Jottings By An Employer's Lawyer

Thursday, August 03, 2006

Dismissal of Case Because of Statements to Press Upheld by Michigan S.Ct.


Wading into a thicket with constitutional dimensions, the Michigan Supreme Court in a 4-3 decision affirmed the dismissal of a sexual harassment case after plaintiff's counsel publicized certain evidence that the Court had excluded. Maldonado v. Ford Motor Co. (Mich. 7/31/06),

A hat tip to Julie Creswell of the NYT for her story which provides background information if you are not ready to wade through the 70 page opinion. The evidence that was being publicized included a 1995 conviction for indecent exposure, later expunged, against a supervisor accused of exposing himself to women who worked at a Ford plant.
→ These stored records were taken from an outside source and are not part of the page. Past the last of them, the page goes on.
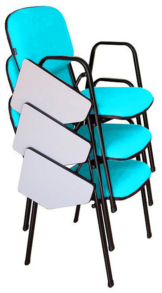 Peso da cadeira: 6,40kg – Empilhável com até 7 cadeiras sem a prancheta
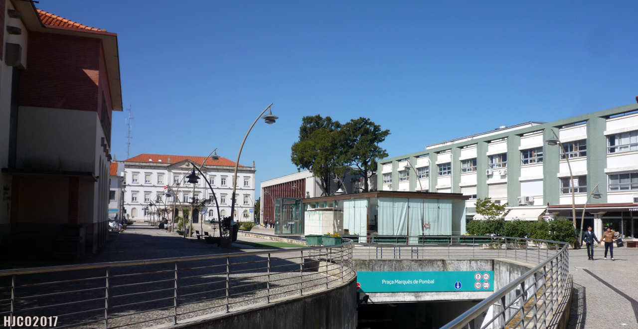 Aspecto da Praça Marquês de Pombal em 2 de Abril de 2017, vendo-se ao centro a entrada para o estacionamento subterrâneo.
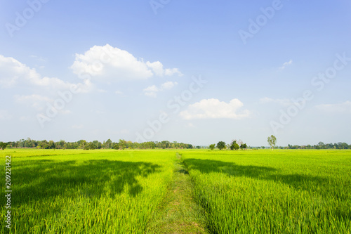 © sichon, Fototapeta premium Walkway of rice field green grass and blue sky. Rice green farmer's farm. Scenic view of the landscape paddy field at thailand

Apparently 4 lawsuits arose out of the supervisor's alleged conduct.

This is not a case of a simple one time comment, as highlighted by a footnote in the Court's opinion:
The following is a list of the publications stemming from plaintiff’s counsel’s September 11, 2001, press release, many of which refer to Bennett’s excluded conviction:
  • (1) The Associated Press wire story, September 12, 2001, referencing the excluded conviction;
  • (2) an article in the Detroit Free Press, September 13, 2001, referencing the excluded conviction;
  • (3) an article by the United Press International, October 10, 2001, referencing the excluded conviction;
    (4) The Associated Press wire story, October 10, 2001, referencing the excluded conviction;
  • (5) a Fox 2 news broadcast held at the law office of Scheff and Washington, October 10, 2001, referencing the excluded conviction and providing a closeup of the conviction papers;
  • (6) a WDIV news broadcast, October 10, 2001, referencing the excluded propensity evidence; and
  • (7) an article in the Oakland Press, October 11, 2001, referencing the excluded conviction.
The Court saw it as a question of a court's power to police the justice system:
The issue in this case pertains to the extent of a trial court’s authority to govern the conduct of counsel and their clients in court proceedings. Where the Michigan Constitution authorizes us to make rules to govern court proceedings, the authority to enforce those rules inescapably follows. At the heart of preserving an organized polity, we must attend to relevant issues, including concerns over belligerent, antagonistic, or incompetent lawyering. To this end, we affirm the authority of trial courts to impose sanctions appropriate to contain and prevent abuses so as to ensure the orderly operation of justice.
The Court was not unaware of the constitutional dimension, but found the lower court's order a "narrow and necessary limitation aimed at protecting potential jurors from prejudice," not a violation of the First Amendment. A contention vigorously disagreed with by the three dissenters. Given this issue, the U.S. Supreme Court may very well be asked to weigh in.

Regardless of whether it is or not, it is an important opinion for anyone involved in a case that is being "tried in the press" or for lawyers reflecting on how we should behave. I admit a visceral opposition to such conduct, feeling strongly that lawsuits should be tried in the court room not the press. That view was re-enforced after a videotape that was the centerpiece of several harassment lawsuits I was defending was first hyped, then played on the local tv news during sweeps week, a period known more for sensationalism than serious journalism.

It is also an important case as a reminder of how lawyers are viewed and for reflection on how it is that we carry out our role in the justice system. Unfortunately, the conduct of counsel on neither side escapes unscathed in the opinions.